Copy all the data exactly, except the pictures.

= Source data =
%%

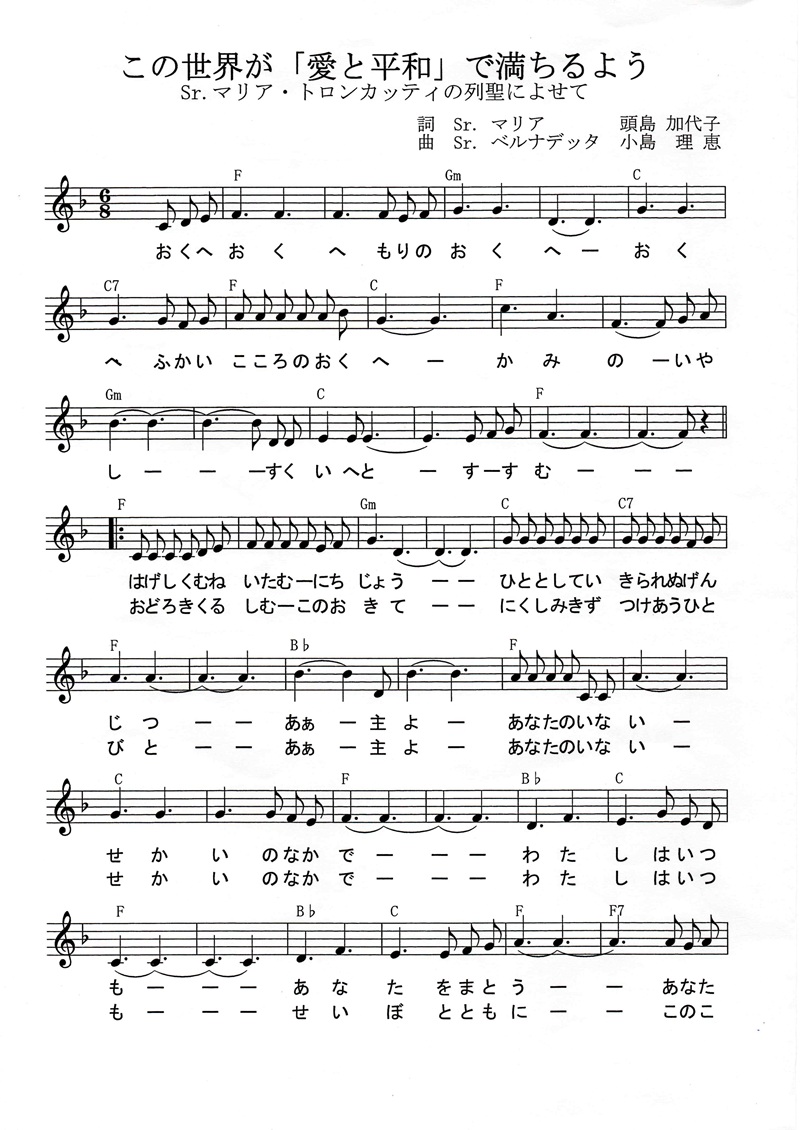 Sr.マリア・トロンカッティの列聖によせて作られた賛歌『この世界が「愛と平和」で満ちるよう』を紹介いたします。
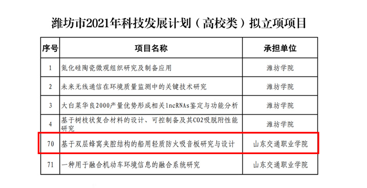 為增強職業健康防護、培育海洋經濟新動能,山東賽特建材股份有限公司與山東交通職業學院簽署科研合作協議,共同開展“基于雙層蜂窩夾腔結構的船用輕質防火吸音板研究與設計”,基于該項目的重大科研價值,項目被列入濰坊市2021年科學技術發展計劃。
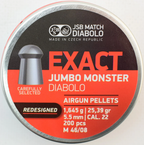 Diabolo Exact Jumbo - боеприпас для пневматических винтовок калибра .22 сверх-высокой мощности. Рекомендуемый диапазон дульной энергии винтовок - от 50 до 70 Джоулей. Лучший выбор для охотничьей стрельбы из пневматики калибра 5,5 мм!

%%

= Exercise solution =
 Sr.マリア・トロンカッティの列聖によせて作られた賛歌『この世界が「愛と平和」で満ちるよう』を紹介いたします。
 為增強職業健康防護、培育海洋經濟新動能,山東賽特建材股份有限公司與山東交通職業學院簽署科研合作協議,共同開展“基于雙層蜂窩夾腔結構的船用輕質防火吸音板研究與設計”,基于該項目的重大科研價值,項目被列入濰坊市2021年科學技術發展計劃。
 Diabolo Exact Jumbo - боеприпас для пневматических винтовок калибра .22 сверх-высокой мощности. Рекомендуемый диапазон дульной энергии винтовок - от 50 до 70 Джоулей. Лучший выбор для охотничьей стрельбы из пневматики калибра 5,5 мм!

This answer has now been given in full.